How is audio exactly implemented?

#1

Hi all,

I’m new to Defold and I’d like to contribute to the engine, especially to its audio implementation on Android and iOS. But I have a hard time figuring out how audio is implemented in Defold.

First of all: it seems that Defold uses multiple versions of OpenSL ES (in device_opensl.cpp and in opensl.c), and I don’t find a CoreAudio device for iOS except the openAL Alc backend coreaudio.c).

In sound.cpp I further find that the SoundSystem runs on its own thread and calls UpdateInternal to update the mixer. In sound.cpp I also find that the SoundSystem can be updated from the main thread via the Update function.

Coming from an audio programming background I am somewhat surprised since the audio systems on mobile run on a high-prio thread and provide the data in via a callback.
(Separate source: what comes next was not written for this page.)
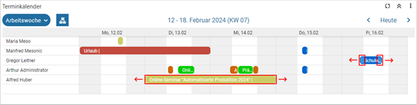 ungruppierten Monats-Ansicht können Termine nur tageweise verschoben werden.

I would therefore expect that the SoundSystem is updated via this callback. Something like

static void sound_mix(float* buffer, int samples)
{
	for (int i = 0; i < SOUNDS; i++)
	{
		if (sounds[i].state == STATE_PLAYING)
		{
			mix(buffer, &(sounds[i].source.buffer), samples);
		}
}

static void audio_callback(float* input, float* output, int samples)
{
	// from microphone
	input_filter(input, buffer, samples);
	
	// mix with active sounds
	sound_mix(buffer, samples);

	// post processing
	output_filter(buffer, samples);

	// to speakers
	buffer_to_output(buffer, output, samples);
}

Could someone elaborate on this a bit? Thanks in advance!

4 Likes

#2

Welcome! And yay, we really appreciate code contribution!
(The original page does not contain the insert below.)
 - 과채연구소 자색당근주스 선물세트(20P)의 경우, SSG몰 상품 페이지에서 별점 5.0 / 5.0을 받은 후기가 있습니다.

@JCash should be able to give you an explanation of the system tomorrow.

2 Likes

#3

Hi @hakoptak!

We run the sound update on a thread on those platforms that support it. Html5 for instance is not threaded.
Both implementations use dmSound::UpdateInternal.

In Defold, we mix audio ourselves, and only use the native (e.g. OpenAL/OpenSL) api for queueing the sound buffers.

Each sound update we ask the native sound system if there are any free buffers.
If there are, we will mix some new audio, and put it in the free buffers.
E.g. for OpenAL there are 6 buffers, with 768 frames each.

This ofc means that we play audio a bit more “in advance” than is perhaps always desired.
Especially if we want to add support for runtime effects.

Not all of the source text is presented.